You are mine at last.


Seu pai vivia me dizendo coisas com músicas. Um jeito charmoso de dizer tudo sem se comprometer. (Seu pai era charmoso demais.)

Uma das primeiras que ele me mandou foi a que dançamos hoje de manhã, na voz da Dinah Washington. Para a paixão que a gente sentia, fazia todo o sentido.
Durante a gravidez, como em todo o namoro, eu e seu pai dançávamos muito. Passos cadenciados, sim, mas ele não perdia a capacidade de me surpreender. Durante a gravidez, como em todo o namoro, ele me conquistava. Aos poucos desenvolvi minha habilidade para acompanhar aqueles passos. Acho até que fiquei boa nisso.

Pensando bem, tem fundamento você gostar tanto de música, gostar de dançar e cantar comigo.

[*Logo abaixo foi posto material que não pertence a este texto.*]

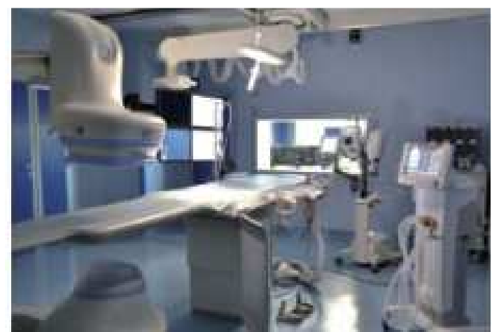
Sala di emodinamica

Éramos nós três, filho. Família reunida dançando no meio da sala.


sábado, 6 de outubro de 2007

All my loving.



Hoje seu pai faria 39 anos. Se estivesse aqui, eu daria um jeito de acordar mais cedo que ele, pegaria você no colo e iríamos os dois acordá-lo com beijos, babas e um presente escolhido com muito carinho. Ou talvez isso se tornasse um hábito diário, e não privilégio dos aniversários. Como ele não está mais aqui, deixo de presente a alegria de saber que há uma semana você começou a se arrastar e logo vai estar engatinhando. Pensando nele, acabamos de dançar de rostinho colado, eu e você, como fazemos quase todas as manhãs. Dessa vez a música era "All my loving", dos Beatles, na voz da Rita Lee. "Remember I'll always be true." Como sempre, em alguns momentos você cantarolou - no tom. Assim multiplicamos o amor que sentimos um pelo outro e mandamos para seu pai a energia de amor mais forte do mundo. And all our loving we'll send to you. Meu amorzinho. Meu pequeno grande amor.

quinta-feira, 4 de outubro de 2007

Fica a pergunta.

Se eu já perdi tanta gente na vida, por que não perco a barriga também?

quarta-feira, 3 de outubro de 2007

Quase nada.

Hoje fui fazer um exame na mesma clínica onde fazíamos as ultrassonografias durante a gravidez. Parei o carro no mesmo lugar de sempre e, no caminho a pé até o local do exame, me lembrei de como eu e seu pai disfarçávamos a ansiedade antes de cada ultrassom. O primeiro deles foi o mais difícil. Insegura devido a dois abortos que tive no meu outro casamento e depois de ter tido um sangramento, eu tentava preparar seu pai para o pior. Nem deixei que ele curtisse inteira a delícia de saber que ia ser pai, tamanho era o meu medo de que ele sofresse uma decepção. Esperamos bastante até ser atendidos, mas na hora H vimos uma coisinha de sete milímetros cujo coração batendo se fazia ouvir em alto e bom som. Era você. Eu me lembro que seu pai segurava nos meus pés descalços e apertava meus dedos, enquanto eu chorava por finalmente ter “chegado lá”. Um outro coração batendo dentro de mim, isso era milagre. Ele chorou também, eu sei. E saímos do consultório como dois adolescentes. Nos abraçamos na porta e choramos mais, misturando soluços e risadas. No caminho de volta para o carro, um desses momentos em que a gente sabe direitinho o que é felicidade: aquele espaço rápido entre uma ansiedade e outra, entre um problema e outro, em que tudo parece perfeito. E é.